Form 144: CleanSpark RSU Vesting and Proposed Sale of 622,520 Shares
Rhea-AI Filing Summary
CleanSpark, Inc. is the subject of a Form 144 notice disclosing a proposed sale of 622,520 shares of common stock through J.P. Morgan Securities LLC on 08/12/2025. The filing lists an aggregate market value of 6,144,272.4 and shows the securities were acquired by the seller via vesting of RSUs on 08/10/2025. The seller reports no securities sold in the past three months on this form.
The form supplies the broker, number of shares, acquisition method, acquisition and planned sale dates, and the representation that the signer does not possess undisclosed material adverse information about the issuer. Several identification fields for the filer/person appear blank in the provided content.
Positive
- Quantity and broker disclosed: 622,520 shares to be sold via J.P. Morgan Securities LLC are explicitly reported.
- Acquisition method disclosed: Securities were acquired by vesting of RSUs on 08/10/2025.
- Aggregate market value provided: The filing lists an aggregate market value of 6144272.4.
- No prior sales reported: The filer indicates "Nothing to Report" for sales in the past three months.
Negative
- Short interval between vesting and proposed sale: Acquisition on 08/10/2025 and proposed sale on 08/12/2025 are two days apart.

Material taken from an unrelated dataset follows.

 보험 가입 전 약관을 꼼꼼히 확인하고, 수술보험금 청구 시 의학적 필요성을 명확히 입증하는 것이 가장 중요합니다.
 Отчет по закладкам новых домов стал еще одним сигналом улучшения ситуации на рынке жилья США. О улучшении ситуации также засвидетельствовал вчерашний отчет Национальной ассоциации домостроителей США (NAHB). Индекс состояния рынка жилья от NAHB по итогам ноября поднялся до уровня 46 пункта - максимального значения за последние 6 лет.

- Missing identifying information in provided excerpt: Filer CIK/CCC and the name of the person for whose account the securities are to be sold are not shown in the supplied content.
Insights
TL;DR: Notice of a post-vesting proposed sale of 622,520 CleanSpark shares via J.P. Morgan, with the RSUs vested two days earlier.
The filing clearly identifies the quantity, broker, acquisition method, and dates relevant to the proposed sale, allowing market participants to assess near-term supply pressure. The reported aggregate market value of 6,144,272.4 quantifies the transaction size. The absence of reported sales in the prior three months is explicit. The filing lacks a named seller or complete filer identification in the provided excerpt, limiting transparency about the insider's role or holdings.

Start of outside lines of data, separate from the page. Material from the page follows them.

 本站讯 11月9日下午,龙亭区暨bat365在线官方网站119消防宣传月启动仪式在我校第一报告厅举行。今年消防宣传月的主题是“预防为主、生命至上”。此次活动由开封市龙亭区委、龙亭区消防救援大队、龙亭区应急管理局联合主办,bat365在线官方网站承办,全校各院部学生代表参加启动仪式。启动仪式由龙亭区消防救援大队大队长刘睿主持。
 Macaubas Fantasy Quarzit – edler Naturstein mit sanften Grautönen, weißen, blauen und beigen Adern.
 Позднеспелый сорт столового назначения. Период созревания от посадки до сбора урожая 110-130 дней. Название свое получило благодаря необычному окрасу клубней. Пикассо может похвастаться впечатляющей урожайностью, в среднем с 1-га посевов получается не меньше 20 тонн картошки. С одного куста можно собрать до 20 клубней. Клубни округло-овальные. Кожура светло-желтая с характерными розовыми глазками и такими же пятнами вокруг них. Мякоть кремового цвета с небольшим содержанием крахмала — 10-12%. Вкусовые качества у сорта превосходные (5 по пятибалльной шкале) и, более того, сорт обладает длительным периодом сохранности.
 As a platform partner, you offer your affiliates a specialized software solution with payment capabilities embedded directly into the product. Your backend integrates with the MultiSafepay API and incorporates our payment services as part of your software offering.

TL;DR: Proper Rule 144 disclosure for RSU-derived shares, but identifying information appears incomplete in the supplied excerpt.
The form documents that the securities were acquired by vesting of RSUs and that the seller affirms no undisclosed material adverse information. These are standard and important governance disclosures. However, key identification fields for the filer and the named person are blank in the provided content, which constrains assessment of insider status and potential governance implications. The two-day gap between vesting and proposed sale is explicit in the filing and is disclosed here.